**Your goal:** Omit the images, then output each of the records below exactly.

──────── Data to use ────────

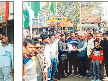
ज्ञापन सौंपते कांग्रेसी।

हटाकर प्रशासनिक योजना के रूप में सीमित किया जा रहा है, जिससे देकर श्रमिकों का शोषण किया जा रहा है। छग प्रदेश में धान खरीदी की प्रक्रिया भी गंभीर अवस्थाओं से जूझ रही है। प्रदेश के अनेक खरीदी केन्द्रों में धान खरीदी अत्यंत धीमी
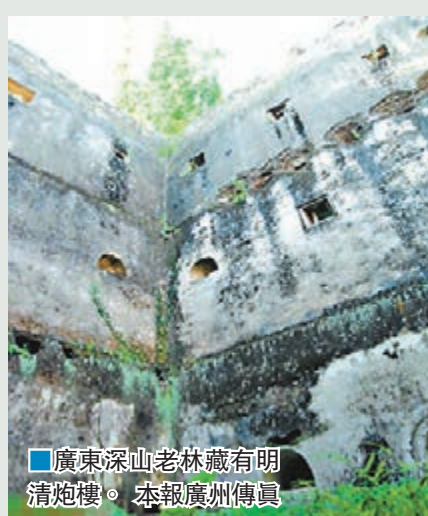
廣東深山老林藏有明清炮樓。本報廣州傳真
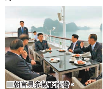
■朝官員參觀下龍灣。

普會面，外界關注他會否效法1964年訪越的已故朝鮮領導人金日成，在峰會後參觀下龍灣。
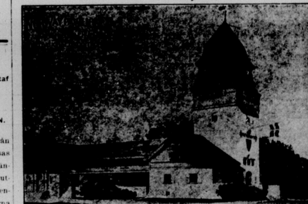
Norges byggnad på världsutställningen.
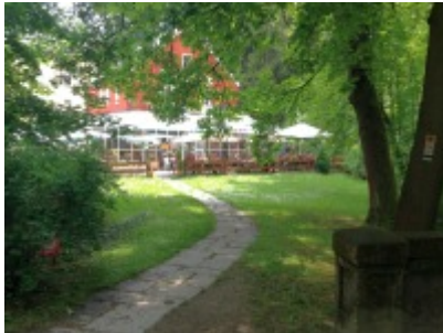
Blick auf ein Cafe

────────

**Written response:**
ज्ञापन सौंपते कांग्रेसी।

हटाकर प्रशासनिक योजना के रूप में सीमित किया जा रहा है, जिससे देकर श्रमिकों का शोषण किया जा रहा है। छग प्रदेश में धान खरीदी की प्रक्रिया भी गंभीर अवस्थाओं से जूझ रही है। प्रदेश के अनेक खरीदी केन्द्रों में धान खरीदी अत्यंत धीमी
廣東深山老林藏有明清炮樓。本報廣州傳真
■朝官員參觀下龍灣。

普會面，外界關注他會否效法1964年訪越的已故朝鮮領導人金日成，在峰會後參觀下龍灣。
Norges byggnad på världsutställningen.
Blick auf ein Cafe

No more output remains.